If not, it’s already optimized.. we can add an distinct implementation that leverages index for low cardinality columns.. that’s a great idea.. can you file a GitHub issue 

are you able to accept an approximate result (within a few %)? <https://docs.pinot.apache.org/users/user-guide-query/how-to-handle-unique-counting|distinctcounthll>(field, 12) for example returns up to twice as fast on some tables i’m testing with, and it’s only off by 1

<@UDRJ7G85T> I assume the existing optimization depends on having a forward index on the column, but wanted to confirm.

<@U0264HWF9FS> I’m surprised HLL would be significantly faster for a low cardinality column…is there some other optimization it does besides using HyperLogLog?

well it was anywhere for 10-50% faster, there were ~257 distinct values in the table/column i tested. but that’s all i ran. Are there even any other possible optimizations for distinct?

<@U0264HWF9FS> - if the column has high cardinality, then partitioning by that column results in fewer distinct values per segment, which reduces the overhead of collecting and merging results on the broker. Or at least that’s what I assumed was why my results improved when I made that change.

This was a pre aggregated time column with no partition. 

I am also surprised that HLL is faster for low cardinality columns unlesss HLL is column is using startree index

<@U01ECR21TEE> existing optimization is based on dictionary so the column has to be dictionary encoded.
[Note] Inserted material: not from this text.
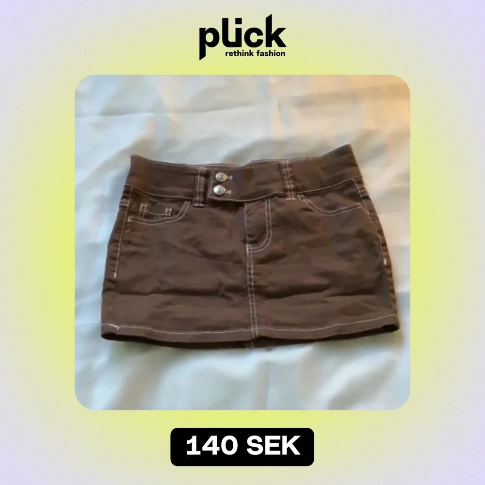 Brun mini jeans kjol med vit kontrast från h&m! Den är i storlek 32 skulle säga att de motsvarar XS. Kom privat för frakt och hela summan, betalning sker via swish!❤️🔥
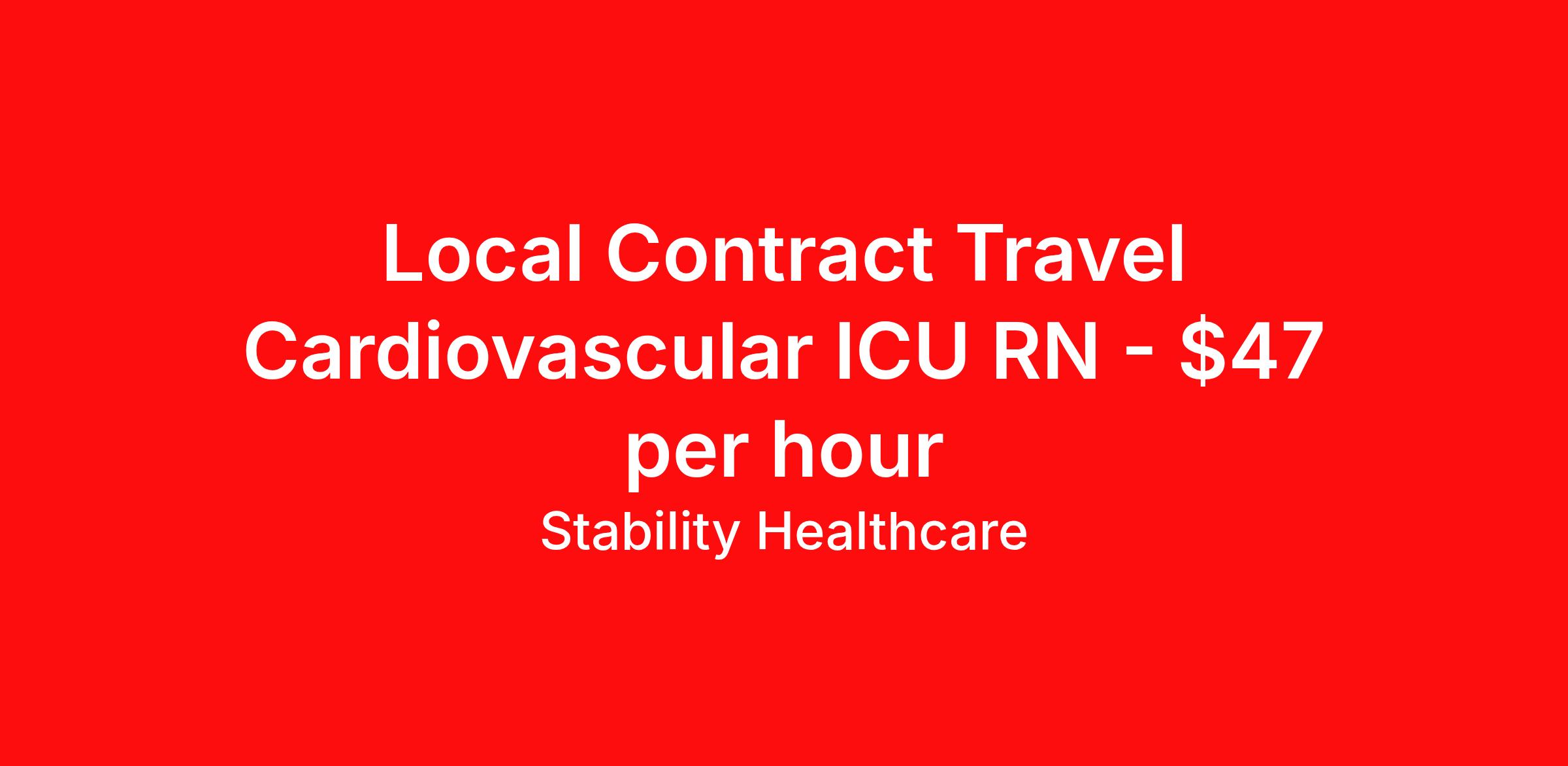 Stability Healthcare is seeking a local contract nurse RN CVICU for a local contract nursing job in Plano, Texas. Job Description & Requirements Specialty: CVICU Discipline: RN Duration: 13 weeks 36 hours per week Shift: 12 hours, days Employment Type: Local Contract Stability Healthcare is looking for a CVICU RN contract position in Plano, TX. Nurses working in the cardiovascular intensive care unit provide care for patients recovering from open-heart surgery and heart transplants. CVICU Nurses observe changes, perform diagnostics tests, analyze charts, and record medical histories of patients. *$600 travel bonus *Day 1 health insurance with United Healthcare *PTO plan start accruing on day 1, use during contract or cash out at the end! *Guaranteed stipend if facility calls you off *Extra hour bonus earn an additional hourly bonus for working over your weekly contracted hours Stability Job ID L-785076. Pay package is based on 12 hour shifts and 36 hours per week (subject to confirmation) with tax-free stipend amount to be determined. Posted job title: CVICU About Stability Healthcare Stability Healthcare was founded in 2009, with the mission of becoming the best Travel Nursing Agency in California. We have been rated one of the top travel nursing agencies and offer our nurses the highest paying travel nursing jobs available. We have access to the best travel assignments from 1000’s of facilities. You can start the year off in sunny California, spend the Spring in the Colorado Rockies, enjoy the Summer in the Mid-West, experience the change of seasons in Boston and New York, and hit the beaches of Florida in the winter. Our Nurses work in the best hospitals and health systems in the country. Benefits Guaranteed Hours Benefits start day 1

But I am referring to the idea of enhancing distinct operations using inverted index 

<@UDRJ7G85T> Sometimes the latency is &lt; 100ms but for certain columns the query takes upto 2 sec.  Do I have to have inverted index on all such columns

And, yes the query will have some adhoc filters. Data is partitioned by user_id which can go upwards of 150 mil

user_id its better to create a star-tree index with HLL column for user_id.. this will be approximate but very fast..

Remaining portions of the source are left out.